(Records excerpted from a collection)
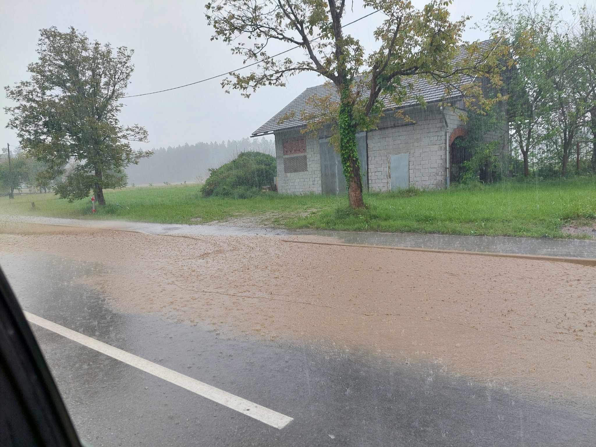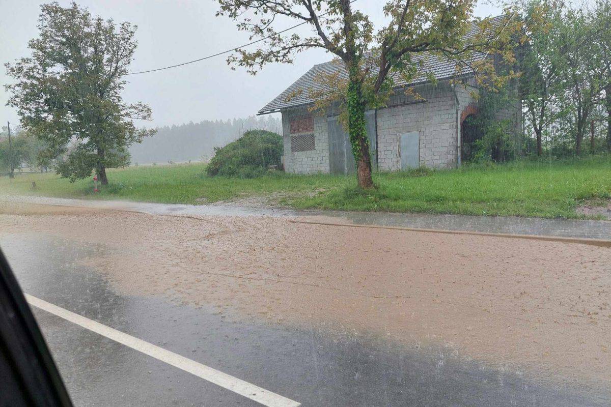 Prav tako je velika količina vode na cestišču v Podgorju.
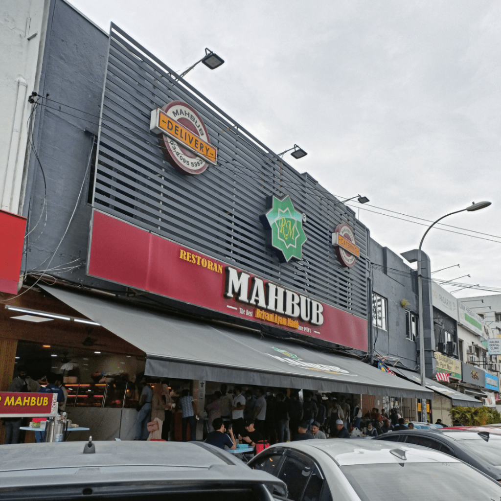 Suasana di Restoran Mahbub ini sentiasa meriah dengan pelanggan di dalam restoran, di luar restoran yang beratur panjang untuk bungkus, dan penghantar makanan yang menunggu tempahan, terutama di waktu makan tengahari hari Jumaat.
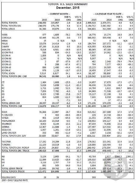Toyota Motor Sales (TMS), U.S.A., Inc., today reported December 2015 sales of 238,350, an increase of 10.8 percent from December 2014 on a volume basis. With two additional selling days in December of 2015, sales were up 2.9 percent on a daily selling rate (DSR) basis.
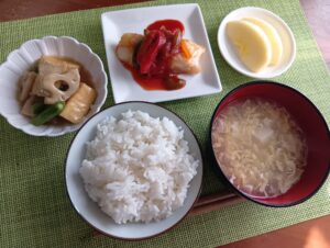 白身魚の竜田焼き甘酢あんかけ、れんこんと厚揚げの中華炒め煮、豆腐と卵の中華とろとろスープ、ごはん、りんご
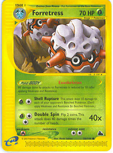 Type | Grass | Pokemon serie | Skyridge | Stadie | Stage 1 | HP | 70 | Sjældenhed | Common | Tilbagetrækning | 2 | Svaghed | R | Kortnummer | 56 | Evne | [CG] Shell Rupture - This attack does 10 damage to each of your opponent's Benched Pokemon. (Don't apply Weakness and Resistance for Benched Pokemon.) [CCG] Double Spin (40x) Flip 2 coins. This attack does 40 damage times the number of heads.
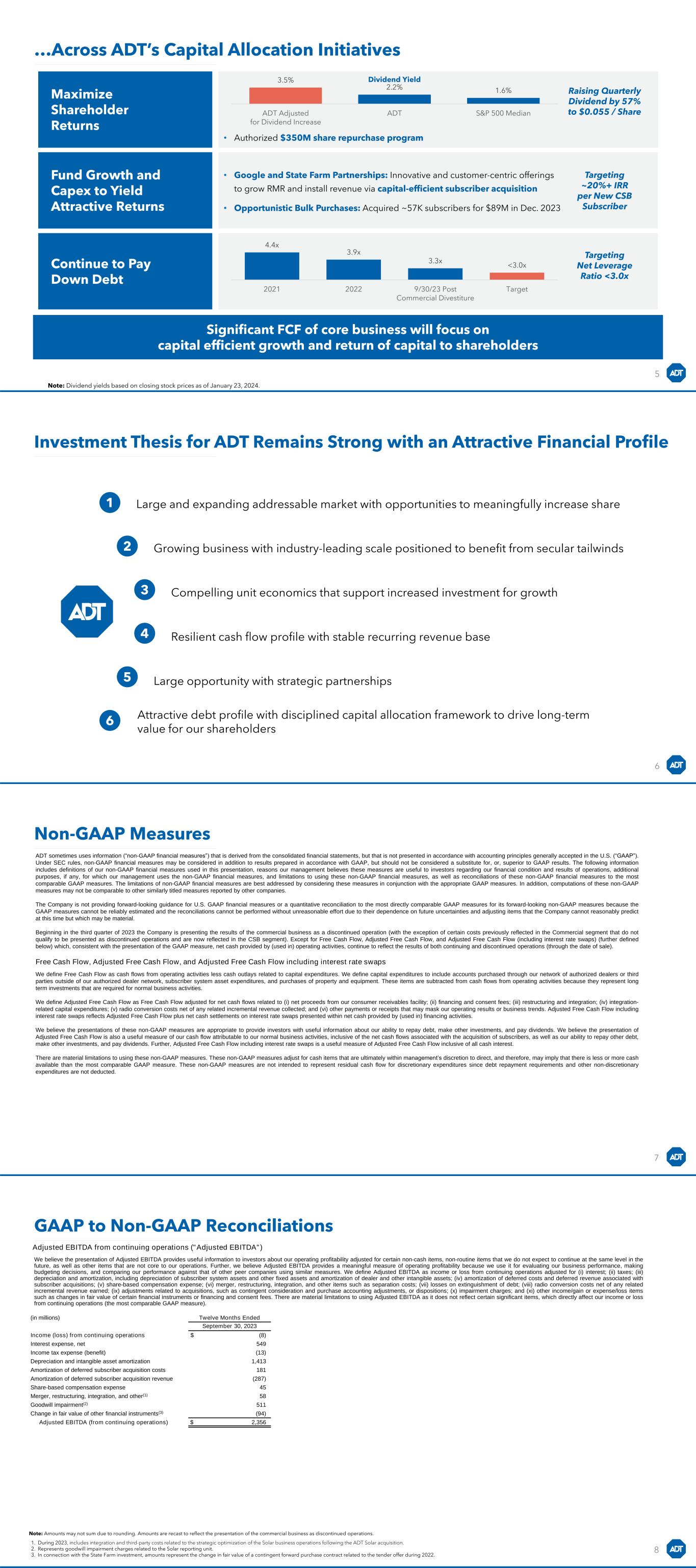 …Across ADT’s Capital Allocation Initiatives 5 Maximize Shareholder Returns • Authorized $350M share repurchase program Continue to Pay Down Debt • Google and State Farm Partnerships: Innovative and customer-centric offerings to grow RMR and install revenue via capital-efficient subscriber acquisition • Opportunistic Bulk Purchases: Acquired ~57K subscribers for $89M in Dec. 2023 Significant FCF of core business will focus on capital efficient growth and return of capital to shareholders Fund Growth and Capex to Yield Attractive Returns 4.4x 3.9x 3.3x <3.0x 2021 2022 9/30/23 Post Commercial Divestiture Target Targeting Net Leverage Ratio <3.0x Targeting ~20%+ IRR per New CSB Subscriber Raising Quarterly Dividend by 57% to $0.055 / Share 3.5% 2.2% 1.6% ADT Adjusted for Dividend Increase ADT S&P 500 Median Note: Dividend yields based on closing stock prices as of January 23, 2024. Dividend Yield Investment Thesis for ADT Remains Strong with an Attractive Financial Profile 6 Large and expanding addressable market with opportunities to meaningfully increase share Growing business with industry-leading scale positioned to benefit from secular tailwinds Compelling unit economics that support increased investment for growth Resilient cash flow profile with stable recurring revenue base Large opportunity with strategic partnerships Attractive debt profile with disciplined capital allocation framework to drive long-term value for our shareholders 1 2 3 4 5 6 7 Non-GAAP Measures ADT sometimes uses information (“non-GAAP financial measures”) that is derived from the consolidated financial statements, but that is not presented in accordance with accounting principles generally accepted in the U.S. (“GAAP”). Under SEC rules, non-GAAP financial measures may be considered in addition to results prepared in accordance with GAAP, but should not be considered a substitute for, or, superior to GAAP results. The following information includes definitions of our non-GAAP financial measures used in this presentation, reasons our management believes these measures are useful to investors regarding our financial condition and results of operations, additional purposes, if any, for which our management uses the non-GAAP financial measures, and limitations to using these non-GAAP financial measures, as well as reconciliations of these non-GAAP financial measures to the most comparable GAAP measures. The limitations of non-GAAP financial measures are best addressed by considering these measures in conjunction with the appropriate GAAP measures. In addition, computations of these non-GAAP measures may not be comparable to other similarly titled measures reported by other companies. The Company is not providing forward-looking guidance for U.S. GAAP financial measures or a quantitative reconciliation to the most directly comparable GAAP measures for its forward-looking non-GAAP measures because the GAAP measures cannot be reliably estimated and the reconciliations cannot be performed without unreasonable effort due to their dependence on future uncertainties and adjusting items that the Company cannot reasonably predict at this time but which may be material. Beginning in the third quarter of 2023 the Company is presenting the results of the commercial business as a discontinued operation (with the exception of certain costs previously reflected in the Commercial segment that do not qualify to be presented as discontinued operations and are now reflected in the CSB segment). Except for Free Cash Flow, Adjusted Free Cash Flow, and Adjusted Free Cash Flow (including interest rate swaps) (further defined below) which, consistent with the presentation of the GAAP measure, net cash provided by (used in) operating activities, continue to reflect the results of both continuing and discontinued operations (through the date of sale). We define Free Cash Flow as cash flows from operating activities less cash outlays related to capital expenditures. We define capital expenditures to include accounts purchased through our network of authorized dealers or third parties outside of our authorized dealer network, subscriber system asset expenditures, and purchases of property and equipment. These items are subtracted from cash flows from operating activities because they represent long term investments that are required for normal business activities. We define Adjusted Free Cash Flow as Free Cash Flow adjusted for net cash flows related to (i) net proceeds from our consumer receivables facility; (ii) financing and consent fees; (iii) restructuring and integration; (iv) integration- related capital expenditures; (v) radio conversion costs net of any related incremental revenue collected; and (vi) other payments or receipts that may mask our operating results or business trends. Adjusted Free Cash Flow including interest rate swaps reflects Adjusted Free Cash Flow plus net cash settlements on interest rate swaps presented within net cash provided by (used in) financing activities. We believe the presentations of these non-GAAP measures are appropriate to provide investors with useful information about our ability to repay debt, make other investments, and pay dividends. We believe the presentation of Adjusted Free Cash Flow is also a useful measure of our cash flow attributable to our normal business activities, inclusive of the net cash flows associated with the acquisition of subscribers, as well as our ability to repay other debt, make other investments, and pay dividends. Further, Adjusted Free Cash Flow including interest rate swaps is a useful measure of Adjusted Free Cash Flow inclusive of all cash interest. There are material limitations to using these non-GAAP measures. These non-GAAP measures adjust for cash items that are ultimately within management’s discretion to direct, and therefore, may imply that there is less or more cash available than the most comparable GAAP measure. These non-GAAP measures 
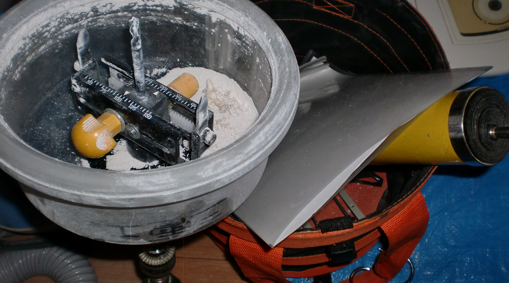 天井の石膏ボードに穴を開ける際、切り屑をキャッチするカップが付いた便利な道具です。

PROBLEM TO WORK ON: Which part of the entries opens with the line containing "Toyota Motor Sales" and closes with the line containing "Type | Grass"? Output that part exactly, ends included, pictures excluded.

OUTPUT OF THE EXERCISE:
Toyota Motor Sales (TMS), U.S.A., Inc., today reported December 2015 sales of 238,350, an increase of 10.8 percent from December 2014 on a volume basis. With two additional selling days in December of 2015, sales were up 2.9 percent on a daily selling rate (DSR) basis.
 白身魚の竜田焼き甘酢あんかけ、れんこんと厚揚げの中華炒め煮、豆腐と卵の中華とろとろスープ、ごはん、りんご
 Type | Grass | Pokemon serie | Skyridge | Stadie | Stage 1 | HP | 70 | Sjældenhed | Common | Tilbagetrækning | 2 | Svaghed | R | Kortnummer | 56 | Evne | [CG] Shell Rupture - This attack does 10 damage to each of your opponent's Benched Pokemon. (Don't apply Weakness and Resistance for Benched Pokemon.) [CCG] Double Spin (40x) Flip 2 coins. This attack does 40 damage times the number of heads.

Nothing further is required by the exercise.